Consider our example SLI from earlier. With latency data displayed in this format, we can easily calculate that SLI for a service by merging histograms together to get a 5 minute view of data, and then calculating the 90th percentile value for that distribution. If it is less than 1,000 milliseconds, we met our target.
The RED dashboard duration graph from our screenshot above has four percentiles, the 50th, 90th, 95th, and 99th. We could overlay those percentiles on this distribution as well. Even without data, we can see the rough shape of what the request distribution might look like, but that would be making a lot of assumptions. To see just how misleading those assumptions based on just a few percentiles can be, let’s look at a distribution with additional modes:
This histogram shows a distribution with two distinct modes. The leftmost mode could be fast responses due to serving from a cache, and the right mode from serving from disk. Just measuring latency using four percentiles would make it nearly impossible to discern a distribution like this. This gives us a sense of the complexity that percentiles can mask. Consider a distribution with more than two modes:
This distribution has at least four visible modes. If we do the math on the full distribution, we will find 20+ modes here. How many percentiles would you need to record to approximate a latency distribution like the one above? What about a distribution like the one below?
Complex systems composed of many service will generate latency distributions that can not be accurately represented by using percentiles. You have to record the entire latency distribution to be able to fully represent it. This is one reason it is preferable to store the complete distributions of the data in histograms and calculate percentiles as needed, rather than just storing a few percentiles.
This type of histogram visualization shows a distribution over a fixed time window. We can store multiple distributions to get a sense of how it changes over time, as shown below:
This is a heatmap, which represents a set of histograms over time. Imagine each column in this heatmap has a separate bar chart viewed from above, with color being used to indicate the height of each bin. This is a grafana visualization of the response latency from a cluster of 10 load balancers. This gives us a deep insight into the system behavior of the entire cluster over a week, there’s over 1 million data samples here. The median here centers around 500 microseconds, shown in the red colored bands.
Above is another type of heatmap. Here, saturation is used to indicate the “height” of each bin (the darker tiles are more “full”). Also, this time we’ve overlayed percentile calculations over time on top of the heatmap. Percentiles are robust metrics and very useful, but not by themselves. We can see here how the 90+ percentiles increase as the latency distribution shifts upwards.

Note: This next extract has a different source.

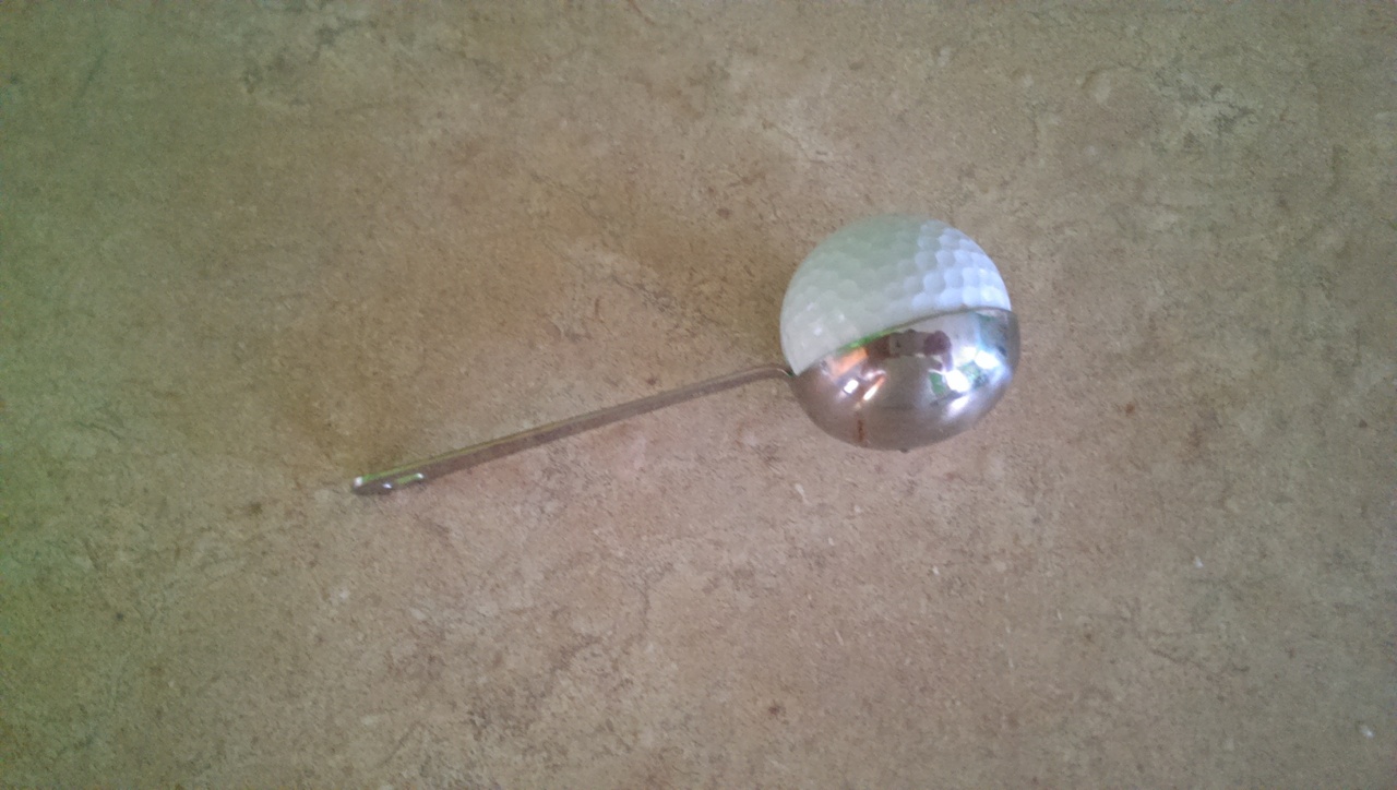— A bolinha de golfe foi feita para essa colher, não é possível!

Let’s take these distribution based duration maps and see if we can generate something more informative than the sample Istio dashboard:
The above screenshot is a RED dashboard revised to show distribution based latency data. In the lower left, we show a histogram of latencies over a fixed time window. To the right of it, we use a heat map to break that distribution down into smaller time windows. With this layout of RED dashboard, we can get a complete view of how our service is behaving with only a few panels of information. This particular dashboard was implemented using Grafana served from an IRONdb time series database which stores the latency data natively as log linear histograms.
We can extend this RED dashboard a bit further and overlay our SLIs onto the graphs as well:
For the rate panel, our SLI might be to maintain a minimum level of requests per second. For the rate panel, our SLI might be to stay under a certain number of errors per second. And as we have previously examined duration SLIs, we might want our 99th percentile for our entire service which is composed of several pods, to stay under a certain latency over a fixed window. Using Istio telemetry stored as histograms enables us to set these meaningful service wide SLIs. Now we have a lot more to work with and we’re better able to interrogate our data (see below).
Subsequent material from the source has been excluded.